A collaborative study between Durham University (UK) and Campinas University (Brazil) used Wish to investigate magnetic structures inTm2CoGa8 and Er2CoGa8 .at milli-kelvin temperatures. It is the first instrument in the second target station to achieve these conditions.

PhD student Roger Johnson and MSci student Tom Frawley, both from Durham University, spent time at ISIS to implement the study on the inter-metallic compounds.

The neutron powder patterns Wish provided were of very high quality, despite the samples being experimentally difficult to measure due to their high neutron absorption. Rietveld refinement of the data has enabled the magnetic structure of both compounds to be determined.

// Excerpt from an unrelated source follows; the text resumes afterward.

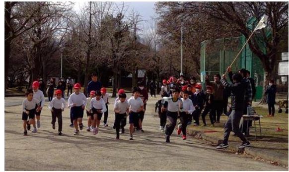
中学年「ミニマラソン大会」

Materials such as these inter-metallic compounds are at the forefront of solid-state research due to a number of them showing novel superconductivity, heavy fermion behaviour and quantum criticality. It is hoped that these findings will make a significant contribution to future understanding of this specific series of materials.

“The understanding of the microscopic behaviour of inter-metallic compounds is very important. Systems that exhibit heavy fermion behaviour and quantum criticality are currently of fundamental scientific interest,” Roger said.

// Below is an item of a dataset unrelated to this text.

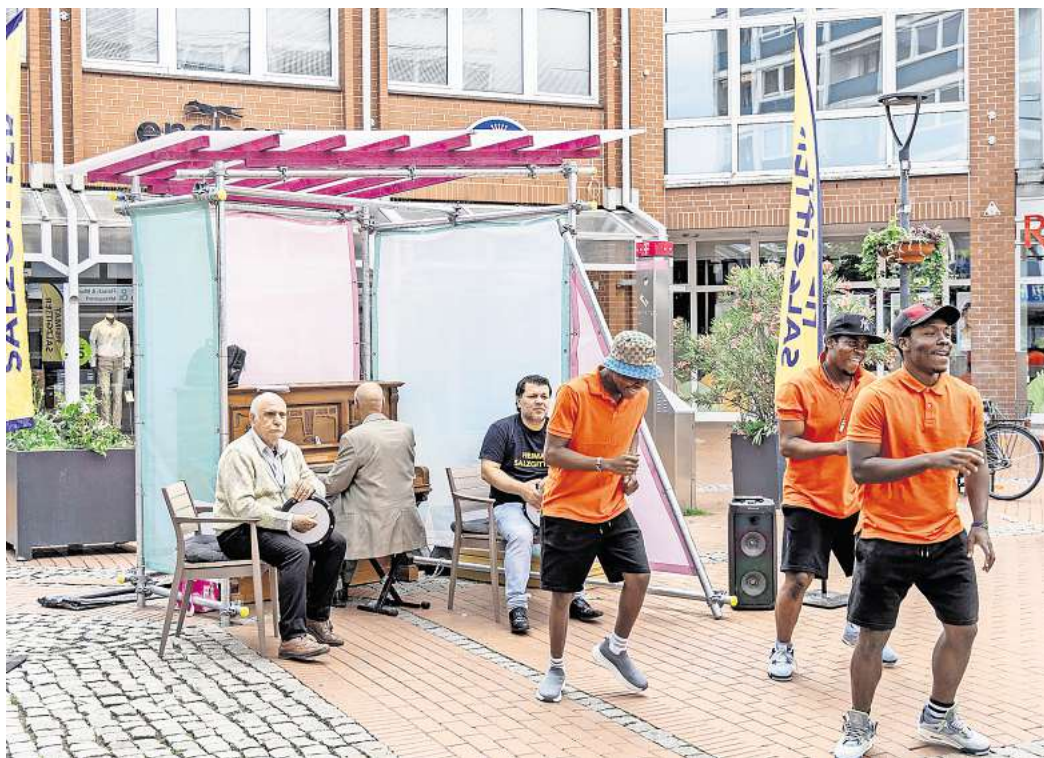
Das neue Klavier im Einsatz: Der Verein Heimat Salzgitter nutzt das Pop-Up-Modul vor der Stadtpassage für eine Showeinlage.

Mit den Pop-Up-Modulen wollen die Stadt und die WIS neue Anreize schaffen, die Innenstädte zu besuchen. Die Module sollen die Aufenthaltsquali-

“A microscopic explanation of the magnetic structures measured on Wish may also be transferable to other, more complex systems of technological interest,” he added.

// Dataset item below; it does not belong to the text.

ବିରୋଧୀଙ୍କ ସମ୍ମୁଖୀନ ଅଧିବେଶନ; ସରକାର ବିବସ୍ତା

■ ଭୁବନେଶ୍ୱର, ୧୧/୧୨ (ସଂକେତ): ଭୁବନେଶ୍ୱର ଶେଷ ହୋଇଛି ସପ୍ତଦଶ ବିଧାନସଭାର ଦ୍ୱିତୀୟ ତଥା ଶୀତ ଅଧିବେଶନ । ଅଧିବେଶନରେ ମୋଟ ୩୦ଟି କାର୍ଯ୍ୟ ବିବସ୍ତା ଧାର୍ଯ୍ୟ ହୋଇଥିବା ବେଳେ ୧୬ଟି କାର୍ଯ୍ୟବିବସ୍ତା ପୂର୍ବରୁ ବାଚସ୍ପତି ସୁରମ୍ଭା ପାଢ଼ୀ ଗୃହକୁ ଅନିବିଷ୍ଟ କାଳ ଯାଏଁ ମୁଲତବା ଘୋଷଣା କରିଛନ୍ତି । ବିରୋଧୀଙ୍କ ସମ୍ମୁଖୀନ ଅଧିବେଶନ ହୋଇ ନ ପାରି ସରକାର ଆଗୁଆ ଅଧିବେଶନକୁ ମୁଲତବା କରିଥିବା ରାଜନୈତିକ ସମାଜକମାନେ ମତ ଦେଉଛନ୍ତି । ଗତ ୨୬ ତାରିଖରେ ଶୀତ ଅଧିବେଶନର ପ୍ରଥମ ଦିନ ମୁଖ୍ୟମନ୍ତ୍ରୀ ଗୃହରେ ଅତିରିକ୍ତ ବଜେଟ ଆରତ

Pascal Manuel, an Instrument Scientist for Wish said, “Everything is running very smoothly, and we hope for a long and successful user schedule to evolve.”

“These results give hints that rapid collection of diffraction patterns on small or absorbing samples in complex sample environments could become routine at ISIS.”

Since this first experiment, further successful experiments have been completed and scientific results have been submitted for publication.